Japan’s exports rise at fastest rate in two years
Growth gives government momentum to steer economy through rough markets
Japan’s exports rose in May at the fastest annual rate in more than two years with the help of a weak yen and a moderate pick-up in global demand, boding well for the government’s efforts to steer the economy through market turbulence.
The faster-than-expected rise is welcome news for prime minister Shinzo Abe after recent a sell-off in stocks, volatility in bonds and a spike in the yen raised concerns about the outlook for his economic recipe of radical monetary easing, fiscal stimulus and pro-growth policies.
Calculated in yen, exports rose 10.1 per cent in the year to May, compared with analysts’ 6.5 per cent forecast in a Reuters poll, rising for a third straight month and at the fastest pace since December 2010, finance ministry data showed today.
The weaker yen also boosted the energy-heavy import bill, which rose 10 per cent from a year earlier, leaving Japan with a 994 billion yen (€7.8 billion) trade deficit, but economists said the net effect of the yen’s retreat remained positive.
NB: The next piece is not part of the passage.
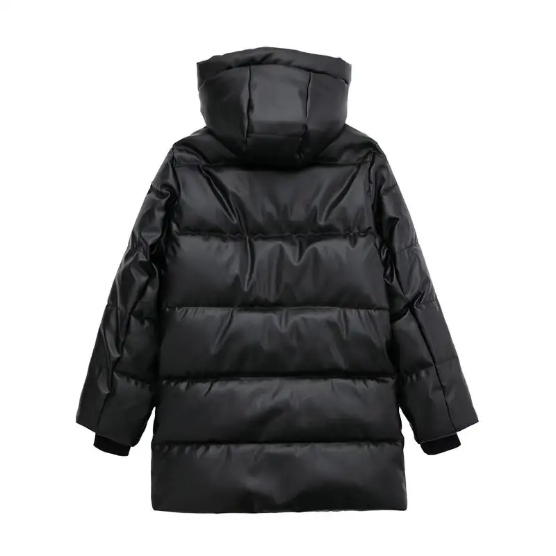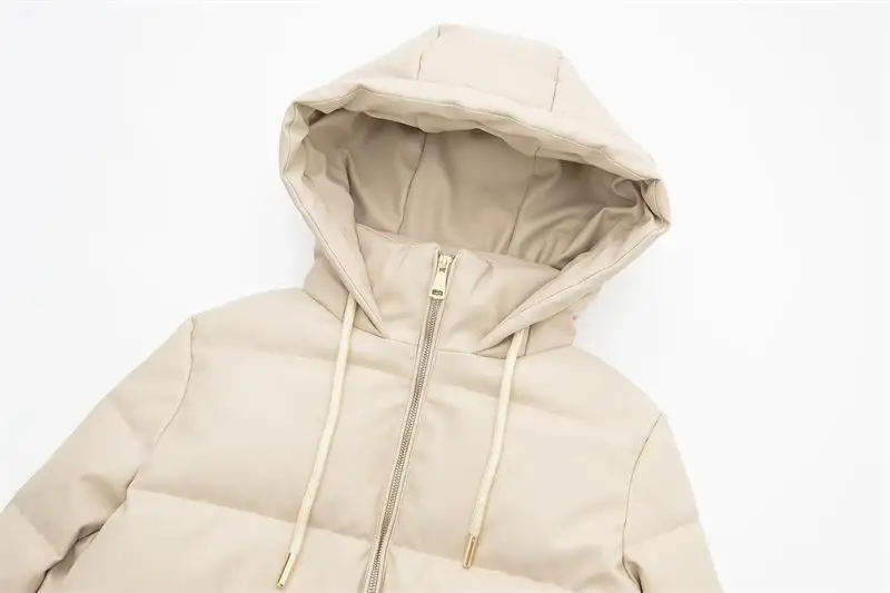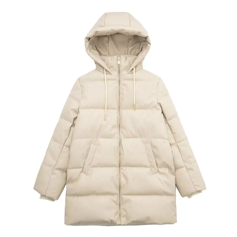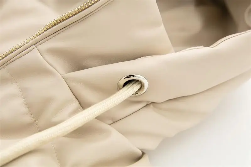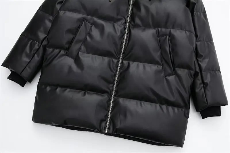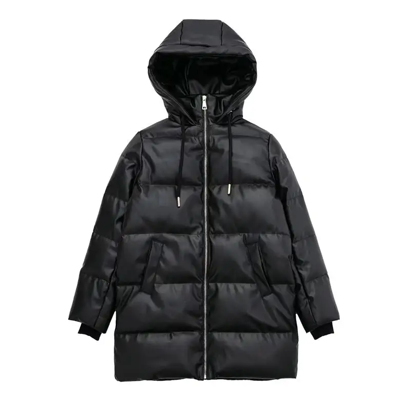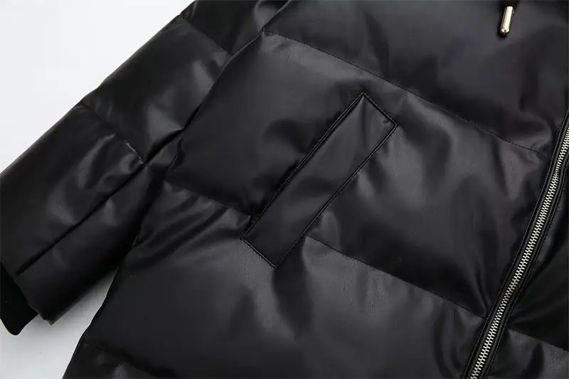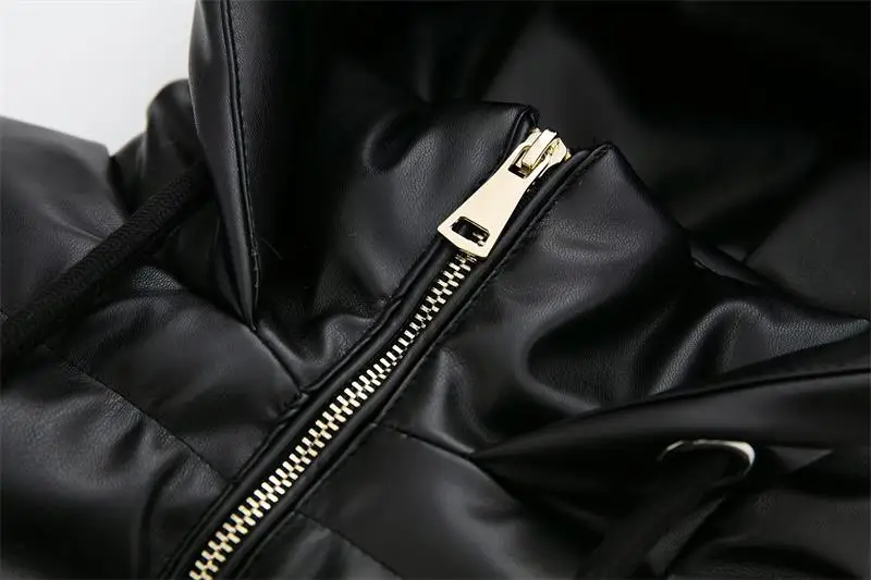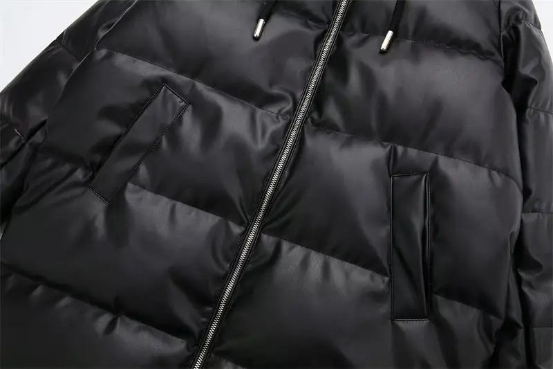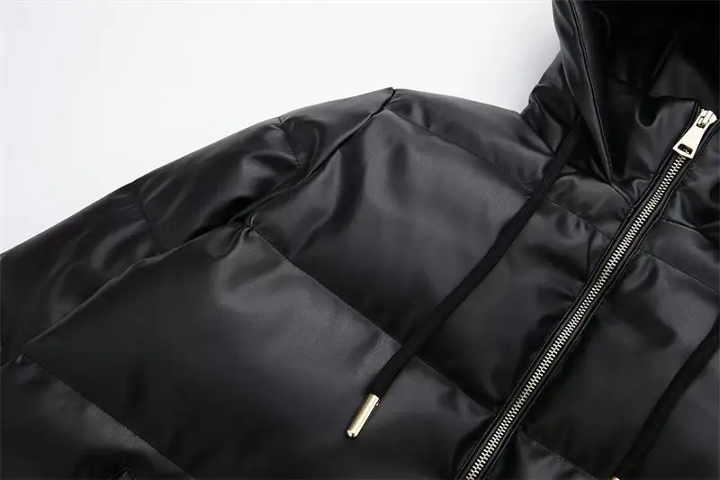 Yipinpay Winter Women's Leather Cotton Coat 2023 Ladies Fashion Thicken Warm Hooded Parkas Casual Cold Street Zipper Outwear

They argue that higher export revenues translate into higher exporter earnings and consequently more investment and workers’ bonuses, with indirect benefits for the broader economy even if costlier imports also affect businesses and consumers.
Given the blue-chip index in Japan’s stock market is heavy on exporters, Mr Abe’s government also hopes that the export windfall will shore up general business and consumer confidence.
Keeping general sentiment buoyant is seen as crucial to spurring consumption and investment as policymakers aim to pull Japan out of its liquidity trap and end nearly two decades of economic stagnation and deflation.